** Opening Data below block **
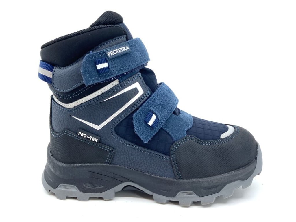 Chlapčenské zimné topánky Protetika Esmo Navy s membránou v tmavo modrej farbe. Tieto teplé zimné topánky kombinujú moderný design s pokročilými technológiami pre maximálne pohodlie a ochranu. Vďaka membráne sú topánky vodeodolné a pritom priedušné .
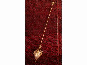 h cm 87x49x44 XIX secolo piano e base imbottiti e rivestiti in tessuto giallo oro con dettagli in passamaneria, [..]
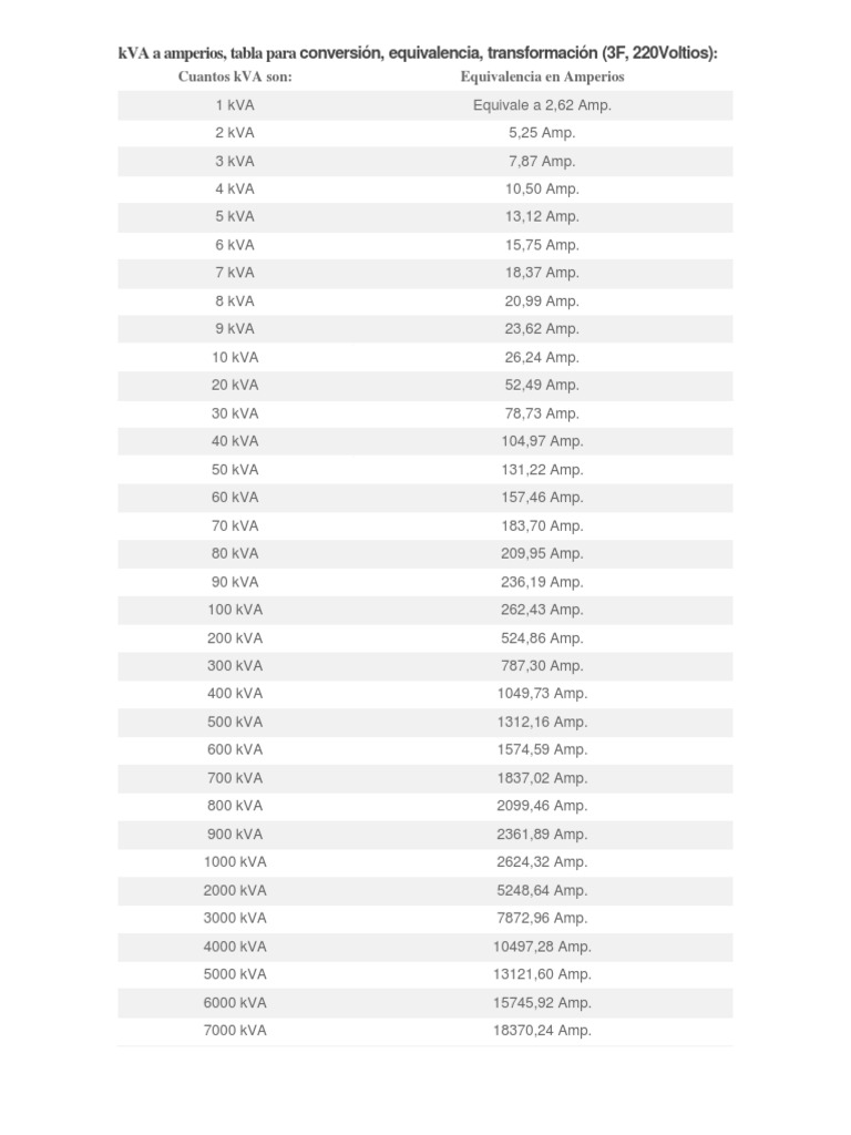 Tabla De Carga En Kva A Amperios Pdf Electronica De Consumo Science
** Closing Data below block **
> _What to do_
Everything in the listing, except its images, should be set down exactly.

> _Answer space_
 Chlapčenské zimné topánky Protetika Esmo Navy s membránou v tmavo modrej farbe. Tieto teplé zimné topánky kombinujú moderný design s pokročilými technológiami pre maximálne pohodlie a ochranu. Vďaka membráne sú topánky vodeodolné a pritom priedušné .
 h cm 87x49x44 XIX secolo piano e base imbottiti e rivestiti in tessuto giallo oro con dettagli in passamaneria, [..]
 Tabla De Carga En Kva A Amperios Pdf Electronica De Consumo Science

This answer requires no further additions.